Hi there, and welcome. This content is still relevant, but fairly old. If you are interested in keeping up-to-date with similar articles on profiling, performance testing, and writing performant code, consider signing up to the Four Steps to Faster Software newsletter. Thanks!
Ever since I read some initial blogs posts about the upcoming eBPF tracing functionality in the 4.x Linux kernel, I have been looking for an excuse to get to grips with this technology.

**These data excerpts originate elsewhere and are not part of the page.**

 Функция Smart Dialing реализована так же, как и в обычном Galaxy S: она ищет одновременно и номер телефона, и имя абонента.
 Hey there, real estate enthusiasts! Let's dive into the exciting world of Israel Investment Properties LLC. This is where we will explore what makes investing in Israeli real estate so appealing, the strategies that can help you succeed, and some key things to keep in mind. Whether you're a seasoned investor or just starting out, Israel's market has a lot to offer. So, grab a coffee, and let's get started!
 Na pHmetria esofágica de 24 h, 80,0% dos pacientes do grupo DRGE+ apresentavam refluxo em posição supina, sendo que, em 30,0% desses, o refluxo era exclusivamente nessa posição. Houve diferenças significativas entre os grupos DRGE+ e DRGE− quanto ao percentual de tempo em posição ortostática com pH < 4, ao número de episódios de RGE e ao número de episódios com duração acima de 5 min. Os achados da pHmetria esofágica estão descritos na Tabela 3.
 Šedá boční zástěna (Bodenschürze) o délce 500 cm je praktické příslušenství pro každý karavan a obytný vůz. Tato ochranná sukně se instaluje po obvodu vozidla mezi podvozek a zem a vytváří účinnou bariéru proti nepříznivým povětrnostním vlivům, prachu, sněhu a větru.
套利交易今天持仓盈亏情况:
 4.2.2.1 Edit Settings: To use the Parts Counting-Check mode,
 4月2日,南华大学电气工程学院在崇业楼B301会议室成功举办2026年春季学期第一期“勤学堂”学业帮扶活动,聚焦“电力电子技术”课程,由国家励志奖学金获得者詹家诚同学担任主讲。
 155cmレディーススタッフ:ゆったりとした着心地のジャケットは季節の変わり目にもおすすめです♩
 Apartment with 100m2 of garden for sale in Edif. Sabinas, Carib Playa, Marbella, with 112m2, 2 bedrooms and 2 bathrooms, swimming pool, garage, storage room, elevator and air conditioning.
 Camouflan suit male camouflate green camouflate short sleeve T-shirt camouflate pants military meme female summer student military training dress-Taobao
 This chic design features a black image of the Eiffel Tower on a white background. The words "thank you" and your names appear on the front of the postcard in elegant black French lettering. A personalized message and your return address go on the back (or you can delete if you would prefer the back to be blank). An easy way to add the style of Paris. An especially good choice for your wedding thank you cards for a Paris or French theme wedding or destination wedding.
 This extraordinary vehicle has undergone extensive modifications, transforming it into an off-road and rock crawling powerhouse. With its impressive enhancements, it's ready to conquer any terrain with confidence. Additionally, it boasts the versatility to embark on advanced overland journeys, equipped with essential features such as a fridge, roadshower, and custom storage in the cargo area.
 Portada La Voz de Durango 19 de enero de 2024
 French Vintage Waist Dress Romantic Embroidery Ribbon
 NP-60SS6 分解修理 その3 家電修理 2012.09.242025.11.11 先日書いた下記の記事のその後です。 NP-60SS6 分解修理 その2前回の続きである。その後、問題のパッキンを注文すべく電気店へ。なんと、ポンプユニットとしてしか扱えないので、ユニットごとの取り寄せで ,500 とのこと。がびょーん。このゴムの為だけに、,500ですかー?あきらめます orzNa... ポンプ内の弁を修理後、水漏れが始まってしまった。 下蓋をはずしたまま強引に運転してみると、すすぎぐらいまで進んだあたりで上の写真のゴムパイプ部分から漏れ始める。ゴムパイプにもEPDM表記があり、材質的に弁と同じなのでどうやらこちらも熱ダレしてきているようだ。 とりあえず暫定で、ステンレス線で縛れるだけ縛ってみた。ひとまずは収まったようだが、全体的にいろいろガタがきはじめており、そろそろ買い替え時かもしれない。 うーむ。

With a planned kernel upgrade in progress at LMAX, I now have access to an interesting environment and workload in order to play around with BCC.
BPF Compiler Collection
BCC is a collection of tools that allows the curious to express programs in C or Lua, and then load those programs as optimised kernel modules, hooked in to the runtime via a number of different mechanisms.
At the time of writing, the motivation subsection of the BCC README explains this best:
End-to-end BPF workflow in a shared library
A modified C language for BPF backends
Integration with llvm-bpf backend for JIT
Dynamic (un)loading of JITed programs
Support for BPF kernel hooks: socket filters, tc classifiers, tc actions, and kprobes
Tracking process off-cpu time
One of the more in-depth investigations I've been involved in lately is tracking down a throughput problem on one of our services. We have a service that will sometimes, during a test run in our performance environment, fail to keep up with the message rate.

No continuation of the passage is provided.